Aim of the task
Transcribe the listing below verbatim, omitting pictures.

·····

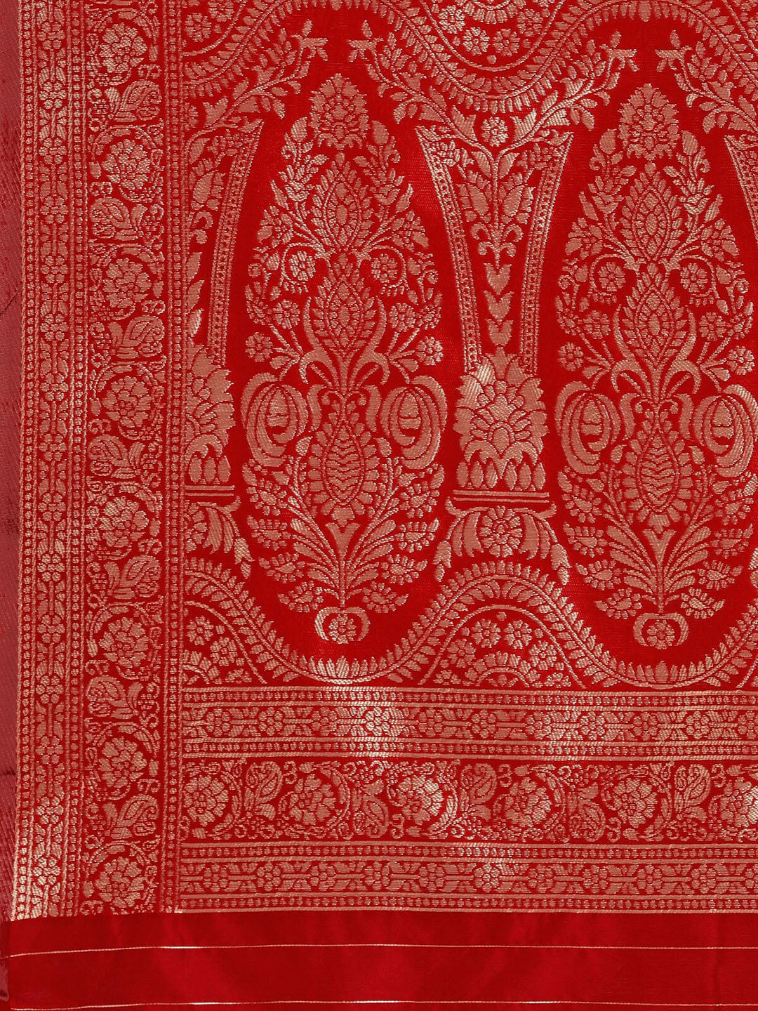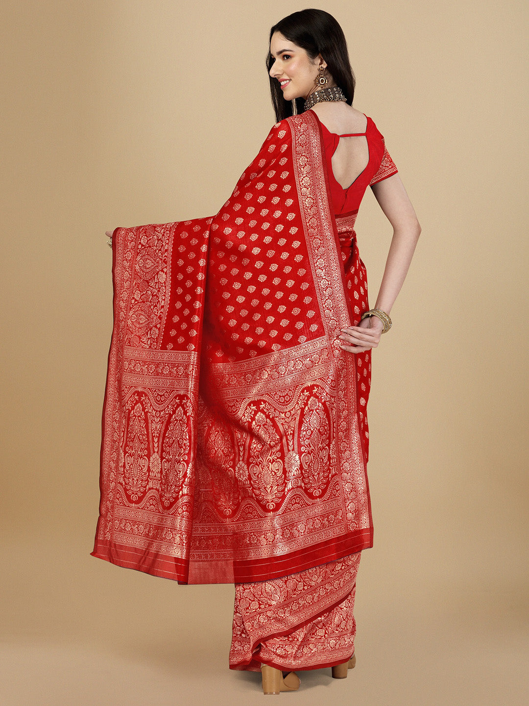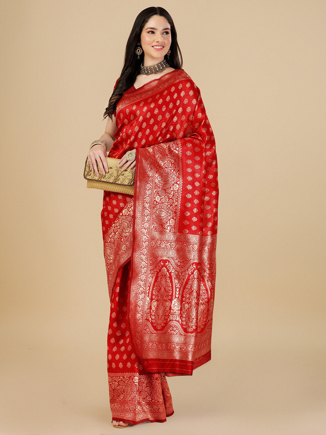 Kalini Woven Design Zari Art Silk Banarasi Saree Product Details Design Details Red and gold-toned banarasi saree Ethnic motifs saree with wov...
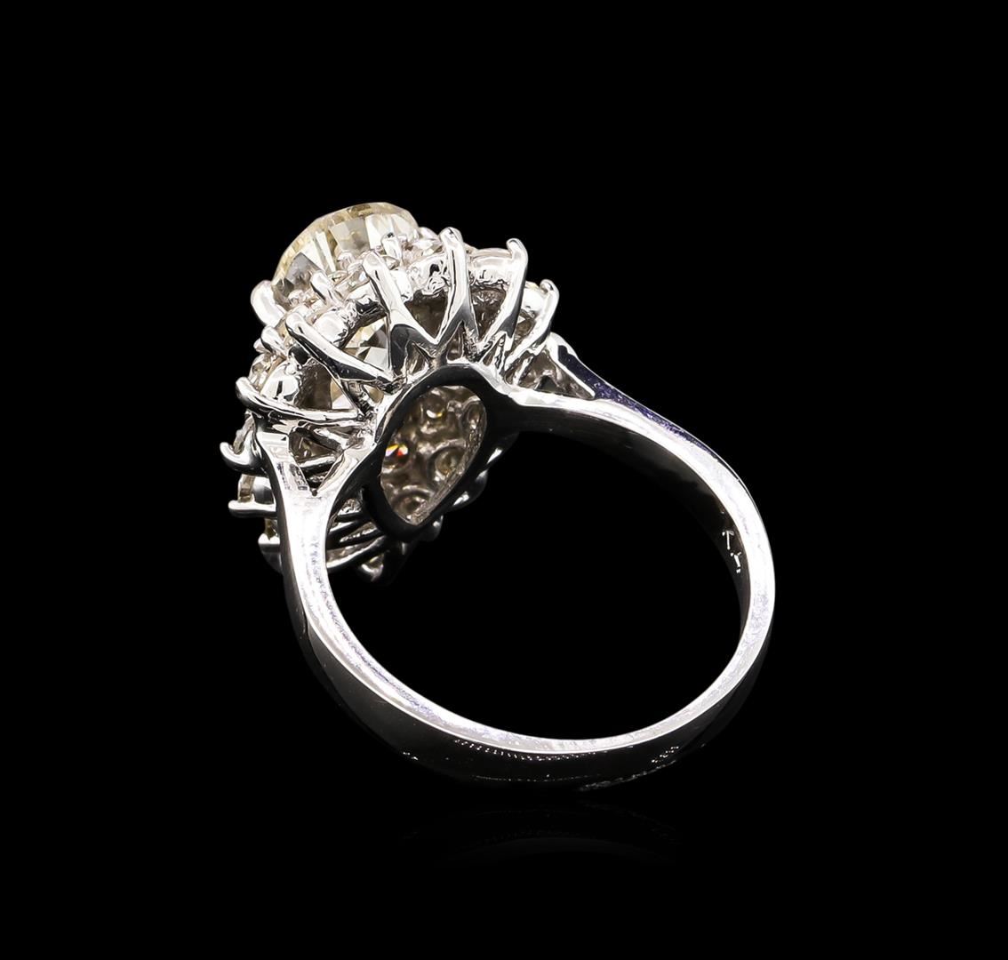 One electronically tested 14KT white gold ladies cast diamond ring with a bright polish finish. Condition is new, good workmanship. The featured diamond is set within a two tiered diamond bezel supported by tapering shoulders, completed by a three millimeter wide band. Identified with markings of "K14". Containing: One prong set pear shaped cut diamond, measuring 12.30 x 7.50 x 5.20mm (depth est.), 10.00.%. GTCF approximate weight of 3.13ct with a medium blue fluorescence. Faint secondary color throughout. Diamond Grading Report attached. Graded in the setting. Clarity: SI-2. Depth: 69.3%. Table 63.3%. Twenty-Nine prong set round brilliant cut diamonds, measuring 2.60 - 2.20 x 1.44mm (depth est.) approximate. Total Weight of 29 Stones = 1.56ct. Graded in the setting. Clarity: SI-1 to I-1. Color: I - K. Total Weight of Diamonds 4.69ct. Total Weight of Ring 6.29 grams. AIG Appraised at $47,040.00.
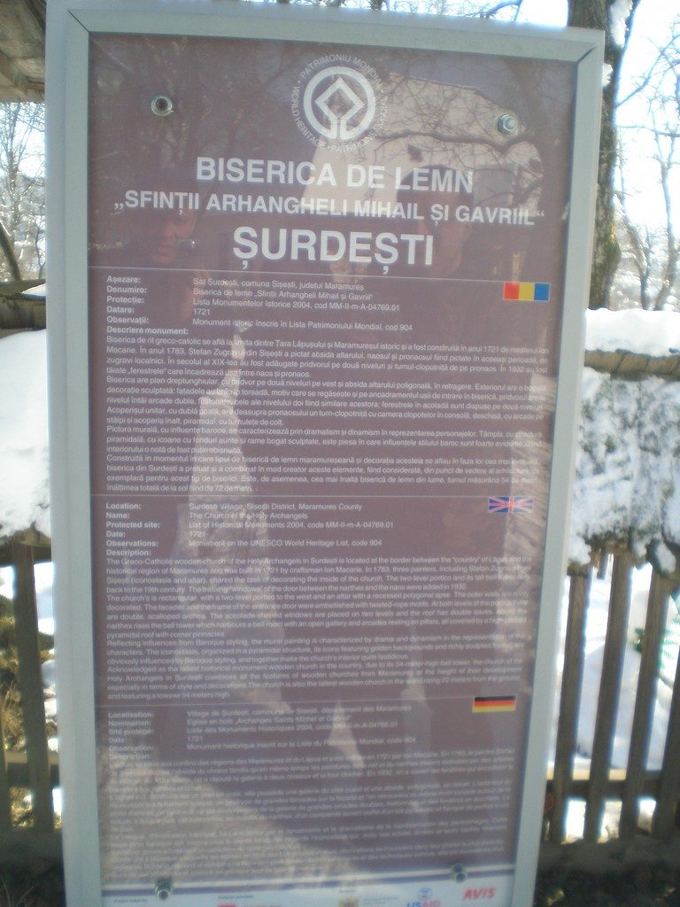 BISERICA DE LEMN DIN SURDESTI aflata pe lista Unesco, este cea mai inalta biserica de lemn din Romania si probabil si din lume, avand o inaltime de 72 de metri. A fost construita in jurul anilor 1700 si se deosebeste de celelalte bisericute de lemn prin pridvorul dublu de la intrare ce are traforat in peretii gardului o inima intoarsa.
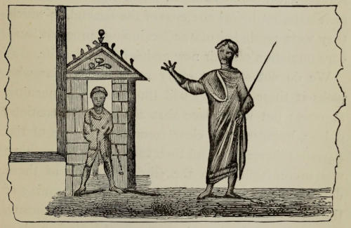 It was the common practice of Roman gentlemen and ladies of wealth to make in their wills very minute provisions for their tombs, and for certain rites and ceremonies to be performed at their tombs after death. They ordinarily set apart some portion of a field or garden near the high road, accurately measured off with so many feet of frontage and so many feet into the field behind; and in the middle of this plot they ordered a monument to be erected—often a chamber of considerable dimensions, with an altar of stone or of fine marble in which their bones or ashes should be laid, and benches of the same material, with cushions and all else that was necessary for the convenience of guests, whom they invited to come and partake here of a feast in their memory, both on the anniversary of their death and on several other occasions. The cost of the tomb was often specified in the will, and recorded on the epitaph; and the expenses of the feasts were met partly by contributions from dependants[13] of the deceased who were intended to partake of it, partly by the rent of certain houses or gardens, or by the interest of moneys bequeathed by the deceased himself or by others for this purpose. The execution of this part of the will was commonly intrusted to some one or more faithful freedmen, who had a direct interest in its fulfilment; and heavy fines were inflicted on the heirs in case of neglect.
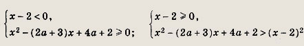 и проследите, что происходит с ними при изменении значения параметра а (см. задачу 189). Ответ: a € [2; 3) U (3; 4] Задание 199. При каких а система неравенств
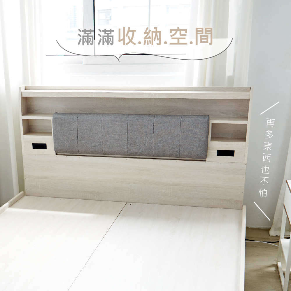 台灣製【藤原傢俬】雙USB附插座/燈床頭(不含床底座)
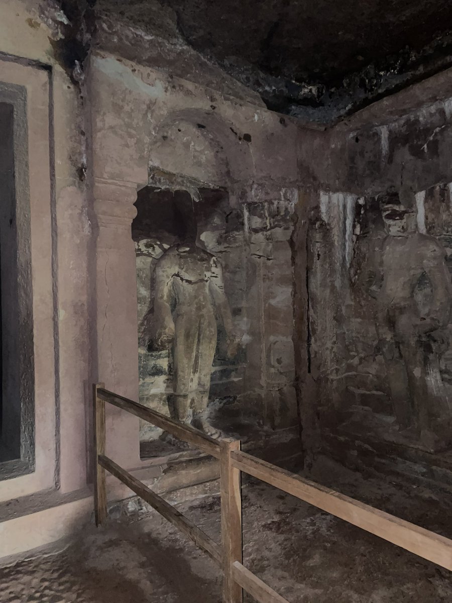Later @ASIGoI worked on restoration of site, paintings and statues. Mr. Katare and team worked on these under leadership of Mr K S Rana over a period of 17 years. These restored and recreated statues and painting are stored in near by museum. #BaghCaves
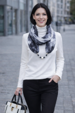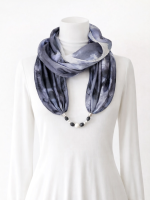 Fekete, fehér, szürke színű, márványos hatású, kézzel festett hernyóselyem ékszer-sál, lávakő, howlit ásványgyöngyökkel, közepén kerámia dísszel.
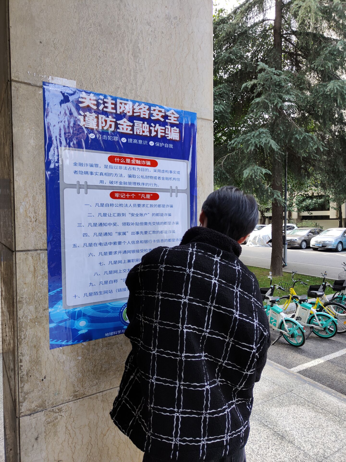 研究生会还委派了研会成员在九里校区第四教学楼与食堂附近张贴网络安全防诈骗海报,旨在加强同学们的网络安全意识,防止上当受骗。
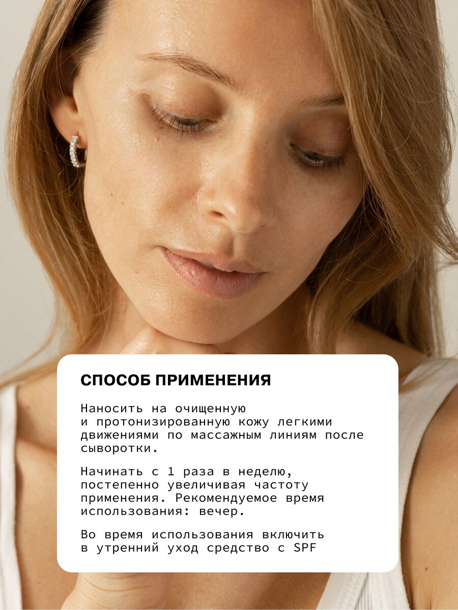 Наносить на очищенную и протонизированную кожу, дождавшись полного высыхания кожи. Начинать с 1 раза в неделю, постепенно увеличивая частоту применения. Рекомендуемое время использования: вечер. Во время использования включить в утренний уход средство с SPF.Состав
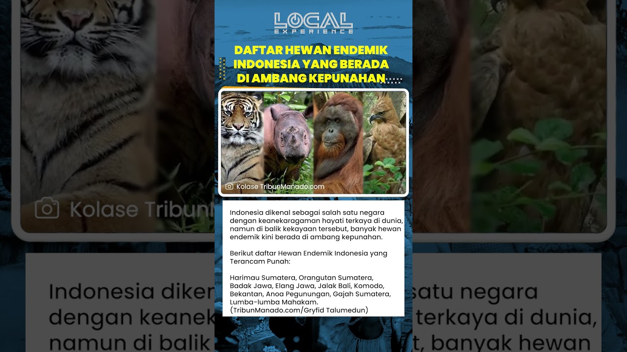 TRIBUN-VIDEO.COM - Indonesia dikenal sebagai salah satu negara dengan keanekaragaman hayati terkaya di dunia. Namun di balik kekayaan tersebut, banyak hewan endemik kini berada di ambang kepunahan.

·····

Task answer
 Kalini Woven Design Zari Art Silk Banarasi Saree Product Details Design Details Red and gold-toned banarasi saree Ethnic motifs saree with wov...
 One electronically tested 14KT white gold ladies cast diamond ring with a bright polish finish. Condition is new, good workmanship. The featured diamond is set within a two tiered diamond bezel supported by tapering shoulders, completed by a three millimeter wide band. Identified with markings of "K14". Containing: One prong set pear shaped cut diamond, measuring 12.30 x 7.50 x 5.20mm (depth est.), 10.00.%. GTCF approximate weight of 3.13ct with a medium blue fluorescence. Faint secondary color throughout. Diamond Grading Report attached. Graded in the setting. Clarity: SI-2. Depth: 69.3%. Table 63.3%. Twenty-Nine prong set round brilliant cut diamonds, measuring 2.60 - 2.20 x 1.44mm (depth est.) approximate. Total Weight of 29 Stones = 1.56ct. Graded in the setting. Clarity: SI-1 to I-1. Color: I - K. Total Weight of Diamonds 4.69ct. Total Weight of Ring 6.29 grams. AIG Appraised at $47,040.00.
 BISERICA DE LEMN DIN SURDESTI aflata pe lista Unesco, este cea mai inalta biserica de lemn din Romania si probabil si din lume, avand o inaltime de 72 de metri. A fost construita in jurul anilor 1700 si se deosebeste de celelalte bisericute de lemn prin pridvorul dublu de la intrare ce are traforat in peretii gardului o inima intoarsa.
 It was the common practice of Roman gentlemen and ladies of wealth to make in their wills very minute provisions for their tombs, and for certain rites and ceremonies to be performed at their tombs after death. They ordinarily set apart some portion of a field or garden near the high road, accurately measured off with so many feet of frontage and so many feet into the field behind; and in the middle of this plot they ordered a monument to be erected—often a chamber of considerable dimensions, with an altar of stone or of fine marble in which their bones or ashes should be laid, and benches of the same material, with cushions and all else that was necessary for the convenience of guests, whom they invited to come and partake here of a feast in their memory, both on the anniversary of their death and on several other occasions. The cost of the tomb was often specified in the will, and recorded on the epitaph; and the expenses of the feasts were met partly by contributions from dependants[13] of the deceased who were intended to partake of it, partly by the rent of certain houses or gardens, or by the interest of moneys bequeathed by the deceased himself or by others for this purpose. The execution of this part of the will was commonly intrusted to some one or more faithful freedmen, who had a direct interest in its fulfilment; and heavy fines were inflicted on the heirs in case of neglect.
 и проследите, что происходит с ними при изменении значения параметра а (см. задачу 189). Ответ: a € [2; 3) U (3; 4] Задание 199. При каких а система неравенств
 台灣製【藤原傢俬】雙USB附插座/燈床頭(不含床底座)
Later @ASIGoI worked on restoration of site, paintings and statues. Mr. Katare and team worked on these under leadership of Mr K S Rana over a period of 17 years. These restored and recreated statues and painting are stored in near by museum. #BaghCaves
 Fekete, fehér, szürke színű, márványos hatású, kézzel festett hernyóselyem ékszer-sál, lávakő, howlit ásványgyöngyökkel, közepén kerámia dísszel.
 研究生会还委派了研会成员在九里校区第四教学楼与食堂附近张贴网络安全防诈骗海报,旨在加强同学们的网络安全意识,防止上当受骗。
 Наносить на очищенную и протонизированную кожу, дождавшись полного высыхания кожи. Начинать с 1 раза в неделю, постепенно увеличивая частоту применения. Рекомендуемое время использования: вечер. Во время использования включить в утренний уход средство с SPF.Состав
 TRIBUN-VIDEO.COM - Indonesia dikenal sebagai salah satu negara dengan keanekaragaman hayati terkaya di dunia. Namun di balik kekayaan tersebut, banyak hewan endemik kini berada di ambang kepunahan.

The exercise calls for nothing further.